As referred to above, the dialog window is a useful and easy to follow tool in BRAD. BRAD embedded this JavaScript-driven small dialog window as the navigation tool for each gene ID in any of the output tables, which help users to quickly access all the information on an interested gene in BRAD. By combining the access points for many datasets into one window, the navigation can lead users to different resources on the target genes, which facilitates the use of BRAD. The navigation window now integrates resources such as gene annotations, syntenic or nonsyntenic orthologs, gene sequence, functional elements in the gene’s flanking regions and data visualization in GBrowse, links to information of TAIR databases, and gene expression of A. thaliana.

14.7 Conclusion and Perspective

BRAD, a database focused on gene function illustration and multiple genome comparisons among Brassica and other Brassicaceae species, especially the model plant A. thaliana, has been built in time because the genome studies on Brassica species are increasing. Compared with other databases on Brassica plants, BRAD keeps its specific core function and advantages, especially its deep mining of syntenic genes and genomic blocks in the newly assembled Brassica genomes, as well as the use of the bulk research information from the model plant A. thaliana. By the continuous improvement of applications and the integration of more available datasets in the future, BRAD will help scientists and breeders to fully and efficiently use the information on genomic and genetic datasets of Brassica plants. BRAD is a valuable resource for the scientists of comparative genomics, plant evolution, and molecular biology, and the breeders of Brassica.
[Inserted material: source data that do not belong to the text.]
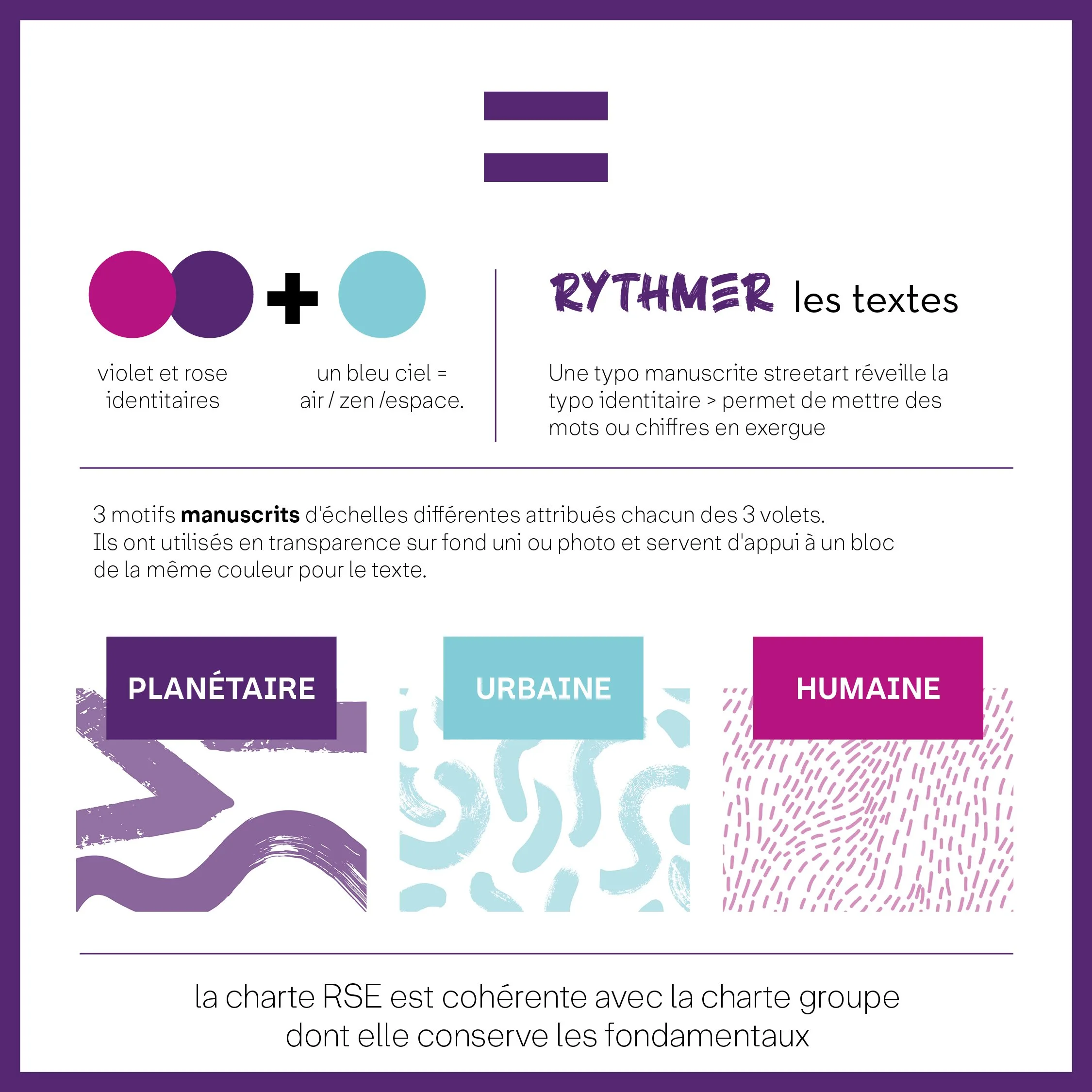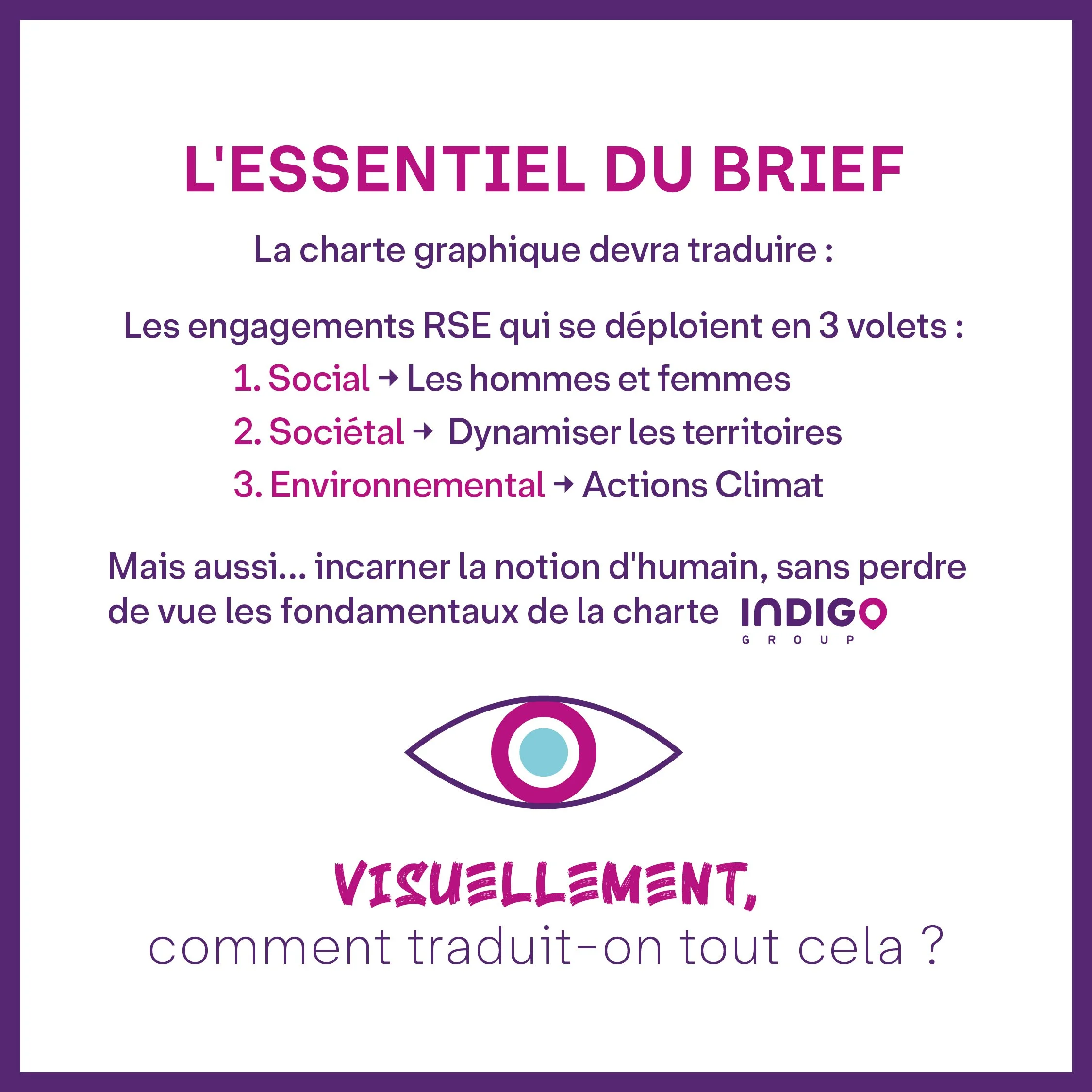 Généralement elle conserve les fondamentaux de la charte principale (couleur, typo) pour rester identifiée à la marque, mais on y ajoute des éléments forts qui rendent le sujet concerné repérable et unique. C'est la mission qu'Indigo Group a confiée à l'Agence Bergamote et pour laquelle j'ai été chargée de la direction artistique et du graphisme. La genèse de cette charte est résumée dans les slides ci-dessous. Elle a donné lieu à la création de divers gabarits comme des post linkedin, et plus largement à un document définissant les guidelines. Nous l'avons aussi mise en pratique dans la brochure de 32 pages présentant les engagements RSE de Indigo Group.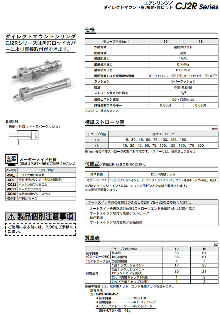 CJ2RA10,CJ2RA16,CDJ2RA10,CDJ2RA16,CJ2RA10-15,CDJ2RA10-15,SMC標準型氣缸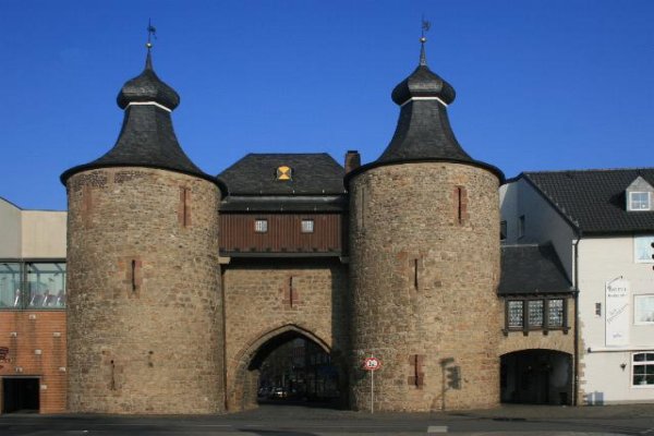 Hexenturm handelt es sich um eine Toranlage mit mittlerem Torhaus,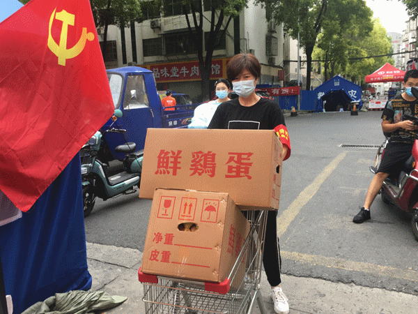 现在志愿者保供小队已经非常成熟了,从商贩手中接过物资,然后送到居民家里。15分钟就能搞定。15分钟的背后,是他们这十几天里的高强度工作,每一个居民的门牌号他们都烂熟于心。

In the future, BRAD should integrate datasets of all Brassica species available. In addition, to meet the demands of the genetic and genomic studies on Brassica crops, the following data types and applications should be updated on BRAD. (1) Resequencing data of different lines in each Brassica species; SNP, InDel, or SV loci and their frequency in populations, as well as the haplotypes (derived from SNPs variation) of Brassica germplasm collections that are generated from resequencing data. (2) Transcriptome sequencing or mRNA-Seq data, gene expression data in different organs, and different accessions of each Brassica species. (3) Whole genome methylation and small RNA-Seq data for Brassica species. (4) Visualization and interactive technologies should be adopted to improve BRAD to be a much more user-friendly database. Solutions to visualize the syntenic relationships of multiple genomes from the chromosome scale, to genomic segments, to genes or tens of nucleotides level should be employed, thus helping users to have a better understanding of genome and gene evolution at different scales among different Brassica species and their relation to other Brassicaceae species.